The Office of Inspector General (OIG) recently updated their Work Plan to include nationwide audits of Medicare Part C high-risk diagnosis codes. OIG Work Plan updates are nothing new, but the OIG’s focus on high-risk diagnosis codes puts even more pressure on medical coders to accurately capture patient conditions.
As most of the agency’s resources fund the oversight of Medicare and Medicaid, the OIG consistently targets healthcare waste and fraud. Their Medicare and Medicaid oversight includes Medicare Parts A, B, and C, as well as prescription drugs (part D) and Medicaid. To keep watch over Medicare and Medicaid fraud, the OIG reviews medical coding records and runs reports with special attention towards code accuracy.
This kind of retrospective review of coding records is important, as Medicare fraud has cost American tax payors billions of dollars. The Department of Justice (DOJ) collected approximately $2.2 billion in False Claims Act settlements and judgments that occurred in FY 2022 alone.
In this article, we will take a closer look at OIG Work Plans, OIG’s recent Work Plan update, and why this update should matter to Medical Coders.
Plan, Audit, Report
The OIG is an independent oversight authority which was originally established under the Inspector General Act of 1978. The OIG conducts audits, investigations, and reviews to make informed recommendations to the Federal Reserve System (Board) and the Consumer Financial Protection Bureau (CFPB) regarding economic decisions and the prevention of fraud, abuse, and waste. The OIG also sends semiannual reports to Congress detailing their findings and corrective action recommendations.
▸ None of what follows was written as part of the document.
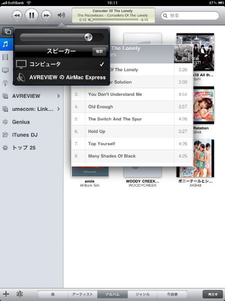 HOME > ニュース > AV&ホームシアターニュース 共有ライブラリ内の楽曲再生も可能に アップル、iPadや新Apple TVに対応した「Remote」バージョン2.0をリリース ファイル・ウェブ編集部 2010年09月29日 前の写真へ スピーカーのアイコンをタップすると複数のスピーカーのオン/オフ、ボリュームを個別に調整できる 前の写真へ この写真の記事へ 関連リンク アップル 「Remote」の詳細

The OIG Work Plan presents the audits and evaluations they are conducting. Each quarter, the OIG deems projects updated, postponed, canceled, terminated, or suspended. After evaluating the projects in progress, the OIG prioritizes the audit red flags which pose the highest risk to the Board and the CFPB in achieving their objectives.
OIG encourages positive change by first identifying risks, abuses, and deficiencies. Following their audits, they investigate remedies to issues found and outcome options before recommending solutions to address them. The OIG maintains a list of recommendations and keeps track of whether these recommendations have been implemented by CMS.
For instance, in November 2022, the OIG’s investigation of Blue Cross & Blue Shield of Rhode Island (BCBS RI) revealed that most of the selected diagnosis codes that BCBS RI sent to CMS did not comply with Federal requirements. The audit process included interviewing BCBS RI officials about their policies and procedures regarding the submission of diagnosis codes to CMS, contractor medical coding reviews (with up to three reviews of the same medical record by two coders and a physician to determine if the HCC was valid), calculating overpayments or underpayments for each enrollee-year, and discussing the results with BCBS RI officials. According to their audit results, “BCBS RI received at least $4.8 million in net overpayments for 2016 and 2017.” Following their investigation, the OIG recommended that BCBS RI refund an extrapolated amount of what they owed to the federal government.
OIG’s Nationwide Audits of High-Risk Diagnosis Codes
As of June 2023, the OIG announced that they will be conducting nationwide audits like the previous example. These audits are expected to be issued in FY 2024.
According to the OIG’s updated Work Plan announcement, “For these audits, we will focus on enrollees who received diagnoses that are at high risk for being miscoded and resulted in increased risk-adjusted payments from CMS to MA organizations. We will determine whether these diagnosis codes, as submitted by MA organizations to CMS for use in CMS’s risk-adjustment program, complied with Federal requirements.”
The OIG has already studied and reported on several high-risk diagnoses during previous audits, including:
- Acute Stroke
- Acute Heart Attack
- Breast Cancer
- Embolism
- Lung Cancer
- Major Depressive Disorder
- Prostate Cancer
- Vascular and Neurogenic Claudication
While the specific diagnosis codes were not specified in their work plan announcement, it is likely that they will focus on the diagnosis codes above. The OIG will likely also check for miskeyed diagnosis codes, as this is also a common occurrence that causes overpayment.
Looking Ahead
The OIG’s work has been successful so far. According to their FY 2024 budget request, in FY 2022, their audits led to “approximately $2.73 billion in expected investigative recoveries.” HHS also implemented 424 out of the 445 total OIG recommendations. These positive results suggest the government’s intentions to prioritize accurate clinical documentation and enforce coding standards for risk adjustment.
According to the same budget proposal, they will continue oversight of managed care “to promote access to high-quality care for people enrolled in managed care, provide comprehensive financial oversight, combat fraud, and promote data accuracy and data-driven decisions.”
With OIG’s audits in mind, it is important for medical coders to carefully consider their own policies and procedures when coding. To protect the status of Medicare and Medicaid funding in the future, it is also important for both medical coders and healthcare providers to accurately capture patient visits.